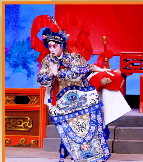
「韋馱架」乃《香花山大賀壽》的重頭戲之一
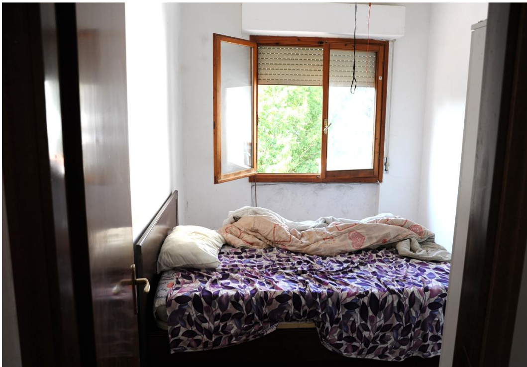
Figura 6 – Camera singola
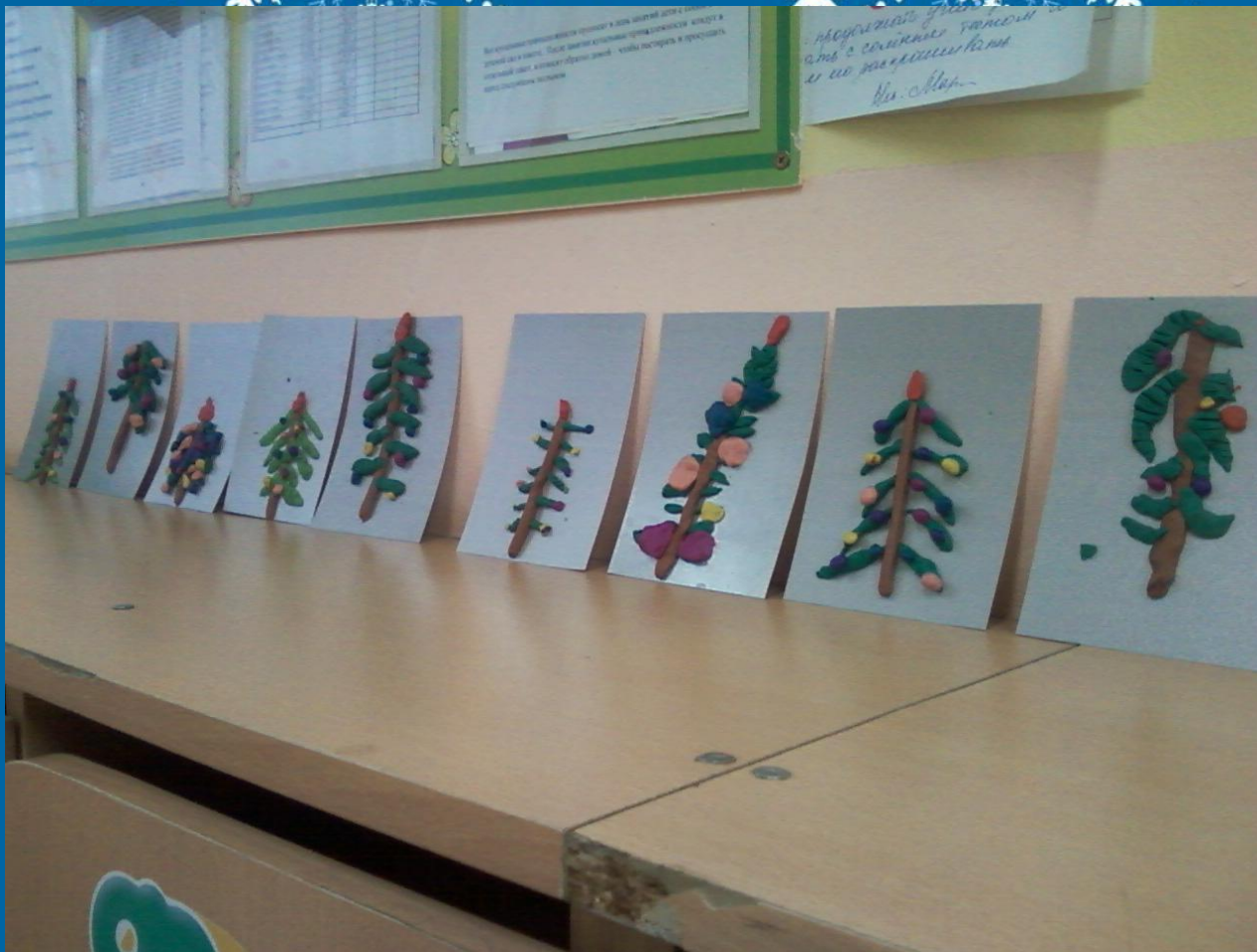
Наши новогодние красавицы

-- -- --

_Exercise requirements_
Output the listing above in full, exactly. No images.

_Task response_
「韋馱架」乃《香花山大賀壽》的重頭戲之一
Figura 6 – Camera singola
Наши новогодние красавицы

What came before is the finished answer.